Büyük Hint imparatoru Akbar, bilge adamlarını toplamış, “Şimdi beni dikkatle dinleyin, size bir sorum var,” demiş. Duvara bir çizgi çizmiş, sonra, “Şimdi bu çizgiye dokunmadan bu çizgiyi küçültmenizi istiyorum,” demiş.
Bilge adamlar düşünmeye başlamışlar. İçlerinden, Birbal adındaki bilge, duvara yanaşıp, çizgiye dokunmadan, ona paralel daha büyük bir çizgi çizmiş. Yanında daha büyük bir çizgi olunca diğeri küçülmüş.
Büyük olmak isteyenler kendini büyütmelidir. Bunu herkes bilir bilmesine de kendini büyütmek öyle kolay değil ki!
Peki, ‘Benim kendimi büyütmek için gerekli çabayı gösterecek gücüm, iradem yok ama küçük olmaya da gönlüm razı değil,’ diyenler ne yapacak? Tabii bunun doğal bir yolu yok. Öyleyse doğal olmayan yollara başvurmak icap ediyor. Kendisini büyütemeyenler, başkalarını küçültme cihetine gidiyorlar.
Başkalarını küçültmek için, hikayedeki bilge Birbal’ın kullandığı yöntemi farklı biçimde kullanıyorlar. Şöyle ki; Birlbal, siz büyürseniz diğerleri küçülür, dünya küçülür, demeye getiriyor, bunlar, diğerleri küçülürse siz büyürseniz, diyorlar.
Başkalarını küçülmenin en kestirme yolu, dedikodu. Birisi bir yanlış yapıyor veya başına bir şey geliyor, onu tanıyanlara gün doğuyor. Onun eksiklerinin dedikodusunu yaparak, onu küçültüyor, dolayısıyla kendini büyütüyorlar. O yüzden dedikodu tadından yenilmiyor.
Kendini büyütememek içler acısı bir durum. Bu duruma çare aramak yerine, başkalarını küçülterek kendini büyümeye çalışmak tam bir acizlik. Bu insanlar, acizliklerini çarpık bir şekilde telafi etmeye çalışıyorlar. Bu şekilde idare ederken, bir süre sonra acizliklerini tamamen unutup, çok cevval olduklarını sanıyorlar. Neticede bu kendini bilmezler, karşımıza; lümpen, trafik canavarı, şehir magandası, kifayetsiz muhteris, gösteriş budalası olarak çıkıyorlar.
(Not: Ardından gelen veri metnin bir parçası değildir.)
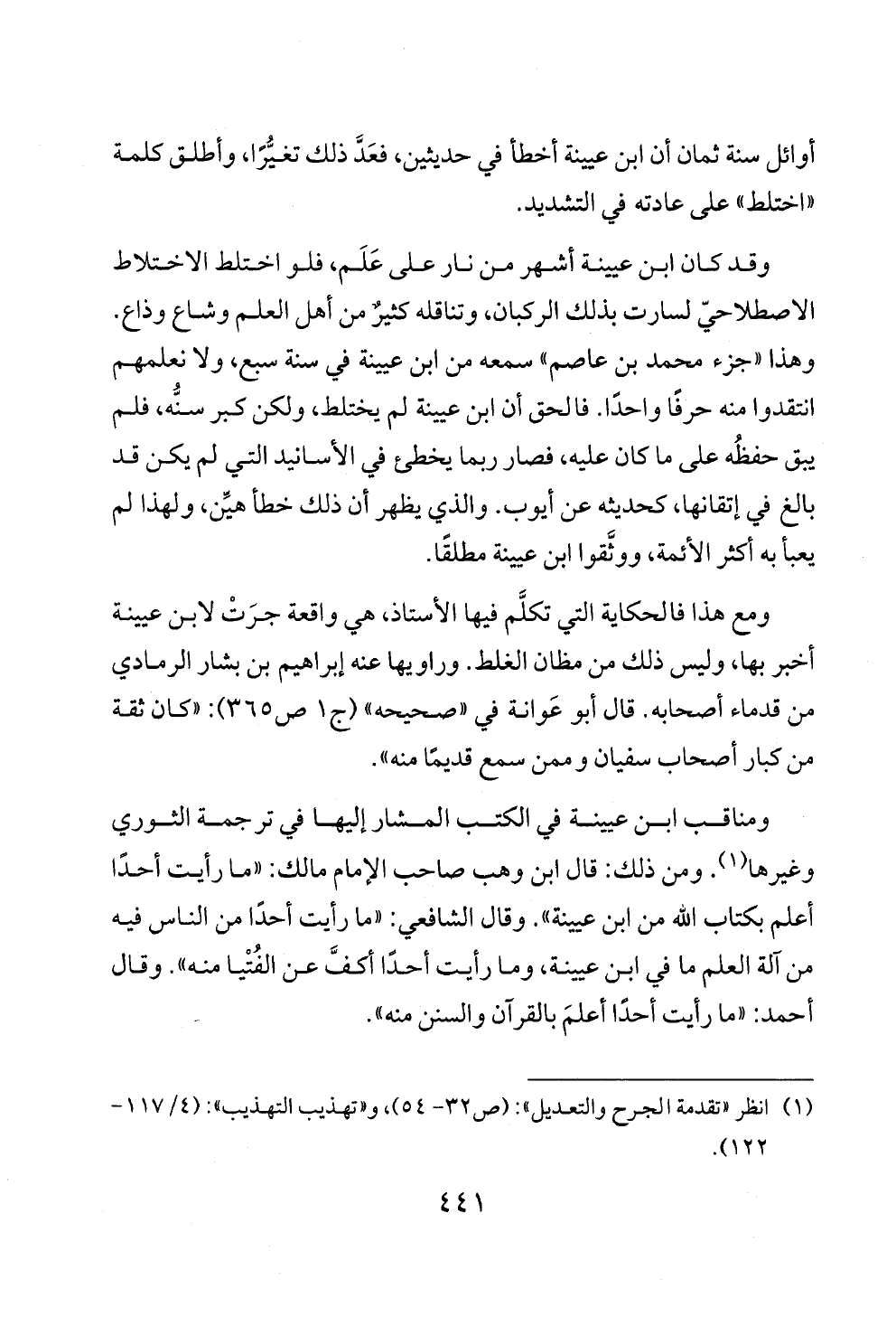 ومع هذا فالحكاية التي تكلَّم فيها الأستاذ، هي واقعة جرَتْ لابن عيينة أخبر بها، وليس ذلك من مظان الغلط. وراويها عنه إبراهيم بن بشار الرمادي من قدماء أصحابه. قال أبو عَوانة في «صحيحه» (ج ١ ص ٣٦٥): «كان ثقة من كبار أصحاب سفيان وممن سمع قديمًا منه».

Kendini çok cevval sanan bu kendini bilmezler, fütursuzca kim daha büyük yarışmasına giriyorlar. Bugün ‘sen ben davası,’ diye adlandırılan mesele bundan ibarettir. ‘Sen ben davası güden insanın tek derdi, altta kalmamak. Bunların etraflıca düşünüp, doğruyu, makulü, mantıklıyı bulmak gibi bir talebi yoktur. Bunlar, ‘Ben altta kalacağıma dünya yıkılsın umurumda değil,’ diyen insanlardır.
Kendini büyütebilenler, asla ‘Kim daha büyük,’ yarışmasına girmezler. Onlar sessizce daha da büyümenin yollarını ararlar. Bu yüzden insanlığın şucu, bucu nesiller yerine, kendini geliştirici nesillere ihtiyacı var.